(Problem to solve) Exclude all pictures. Then restate, word for word, the entries from the first line through the line that contains "5月19日下午,尼泊尔国际快速有限公司总裁Milan Gyawali 先生及其助理Prem".

[Opening Exercise data section]

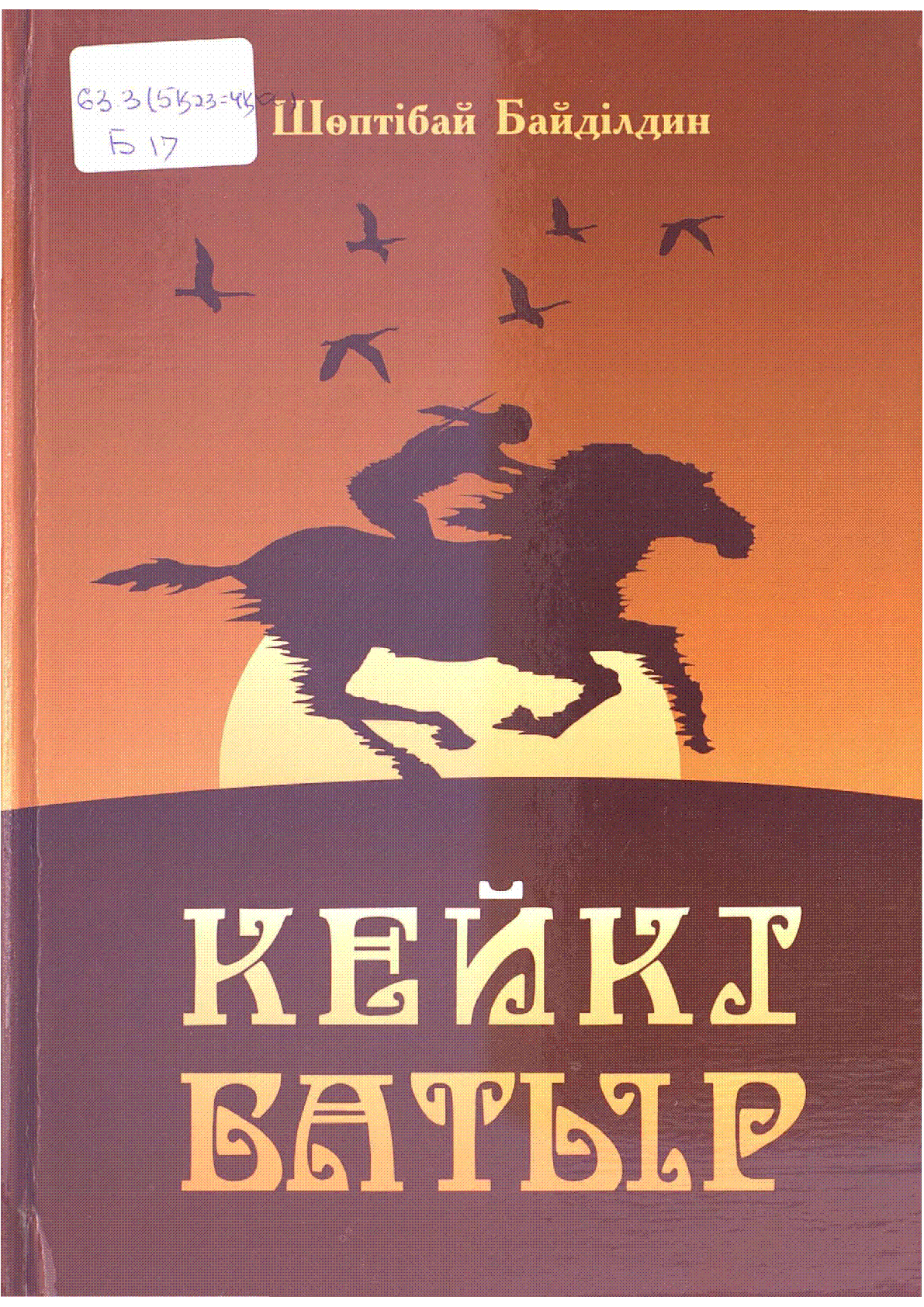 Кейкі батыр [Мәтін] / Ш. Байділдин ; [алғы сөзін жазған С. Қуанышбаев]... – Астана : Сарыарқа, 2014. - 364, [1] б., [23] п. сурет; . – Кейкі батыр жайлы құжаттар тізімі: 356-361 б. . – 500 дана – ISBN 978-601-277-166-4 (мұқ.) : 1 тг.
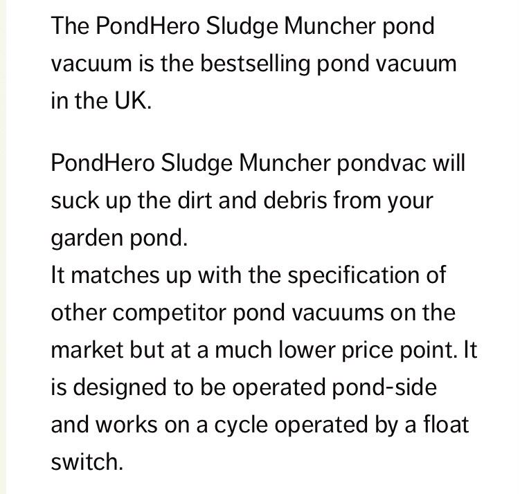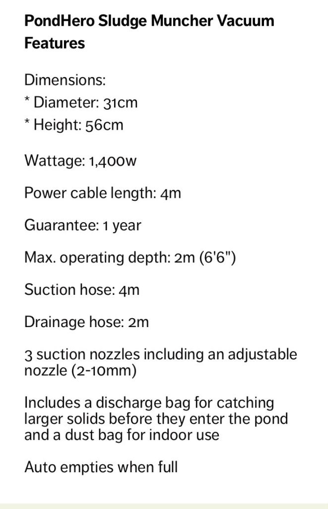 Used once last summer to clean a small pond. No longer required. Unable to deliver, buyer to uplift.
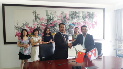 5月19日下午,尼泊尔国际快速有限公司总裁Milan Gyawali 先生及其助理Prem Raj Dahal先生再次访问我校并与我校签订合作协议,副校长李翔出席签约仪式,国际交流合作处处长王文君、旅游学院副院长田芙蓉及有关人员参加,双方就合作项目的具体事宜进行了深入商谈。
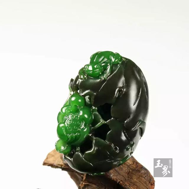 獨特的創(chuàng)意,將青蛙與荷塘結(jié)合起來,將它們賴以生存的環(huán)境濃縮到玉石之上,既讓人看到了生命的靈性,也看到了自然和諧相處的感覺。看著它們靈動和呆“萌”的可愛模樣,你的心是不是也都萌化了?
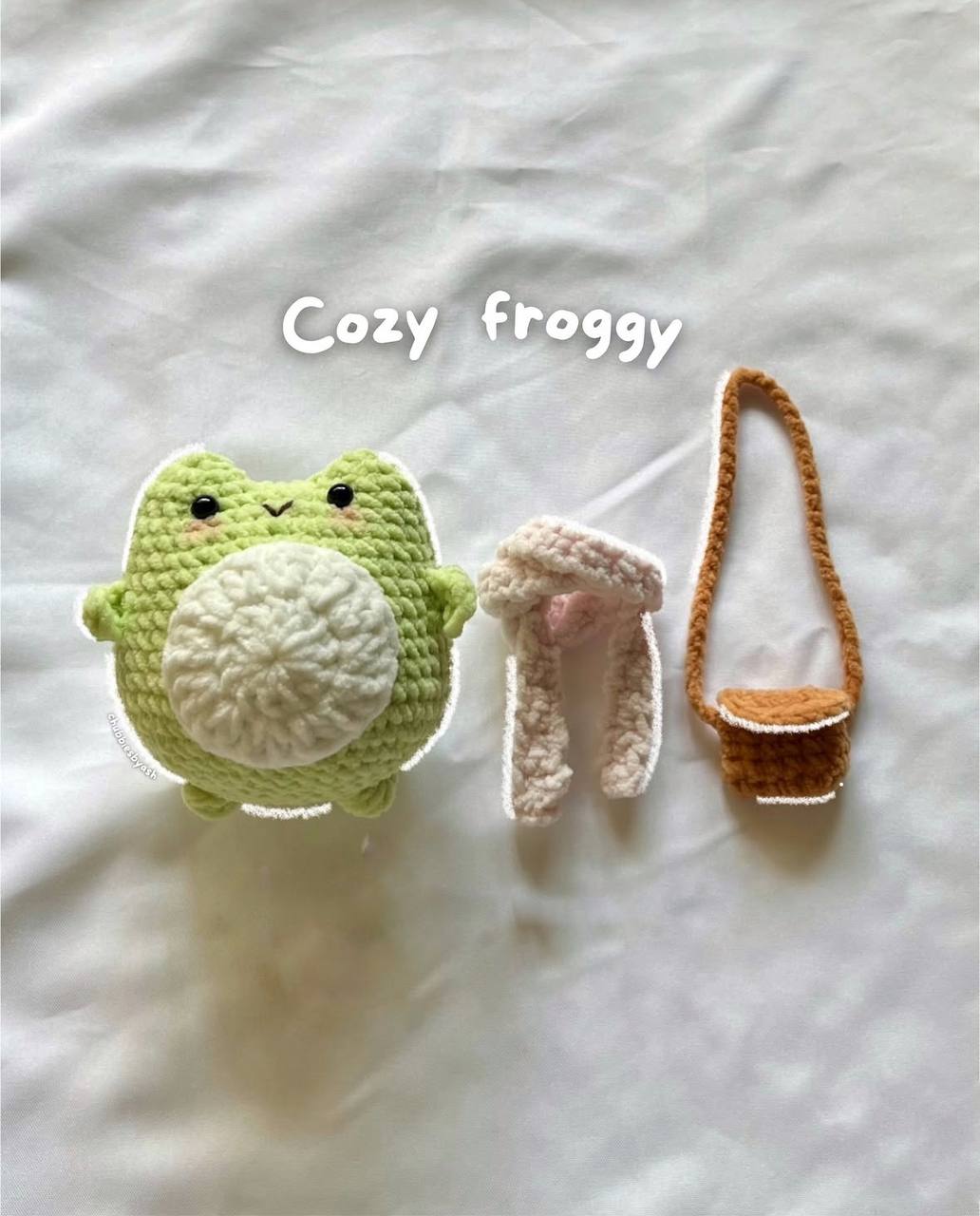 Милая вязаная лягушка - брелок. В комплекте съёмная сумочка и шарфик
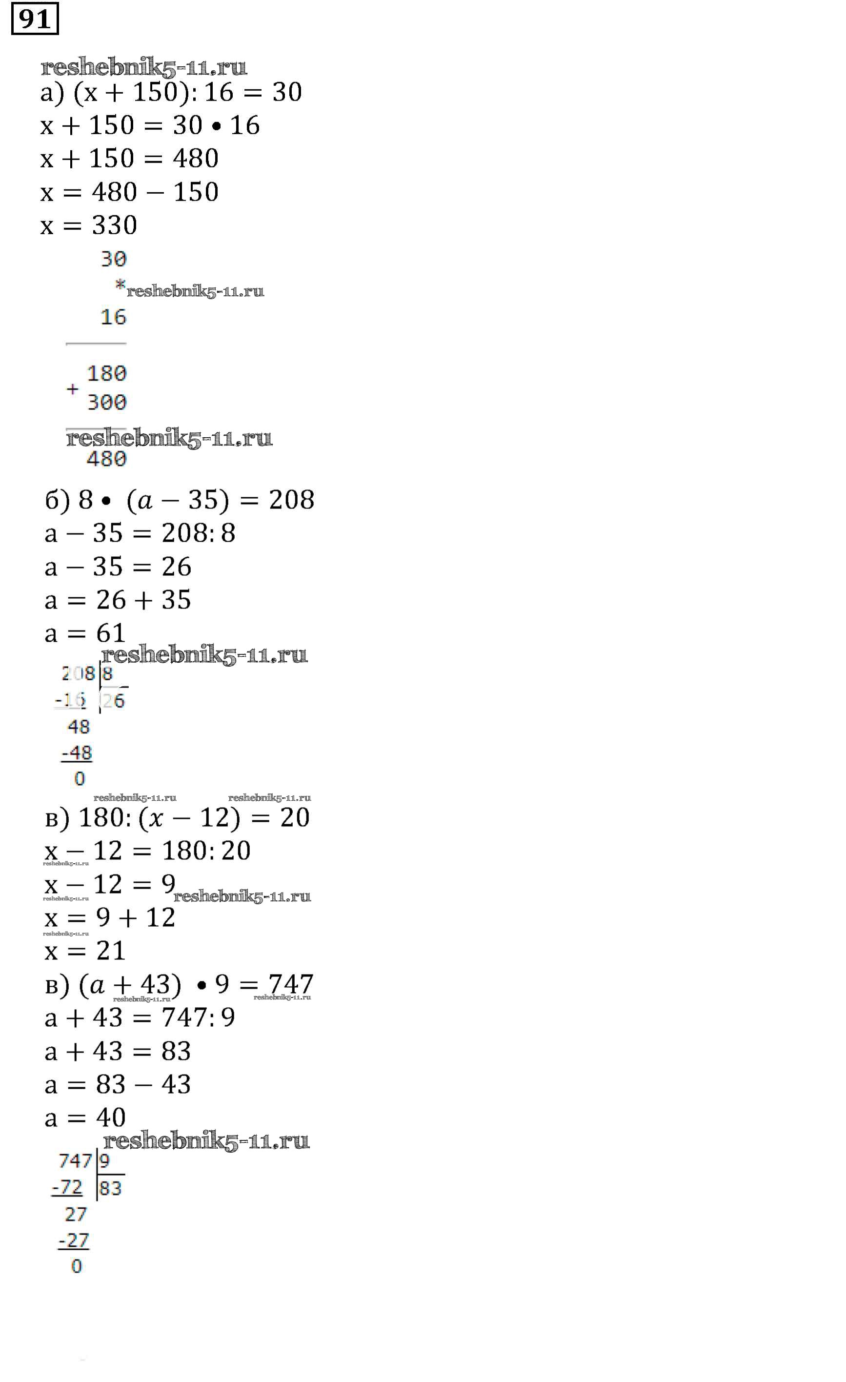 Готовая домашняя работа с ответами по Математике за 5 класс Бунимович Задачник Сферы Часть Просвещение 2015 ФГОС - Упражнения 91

[Closing Exercise data section]

(Exercise response)
 Кейкі батыр [Мәтін] / Ш. Байділдин ; [алғы сөзін жазған С. Қуанышбаев]... – Астана : Сарыарқа, 2014. - 364, [1] б., [23] п. сурет; . – Кейкі батыр жайлы құжаттар тізімі: 356-361 б. . – 500 дана – ISBN 978-601-277-166-4 (мұқ.) : 1 тг.
 Used once last summer to clean a small pond. No longer required. Unable to deliver, buyer to uplift.
 5月19日下午,尼泊尔国际快速有限公司总裁Milan Gyawali 先生及其助理Prem Raj Dahal先生再次访问我校并与我校签订合作协议,副校长李翔出席签约仪式,国际交流合作处处长王文君、旅游学院副院长田芙蓉及有关人员参加,双方就合作项目的具体事宜进行了深入商谈。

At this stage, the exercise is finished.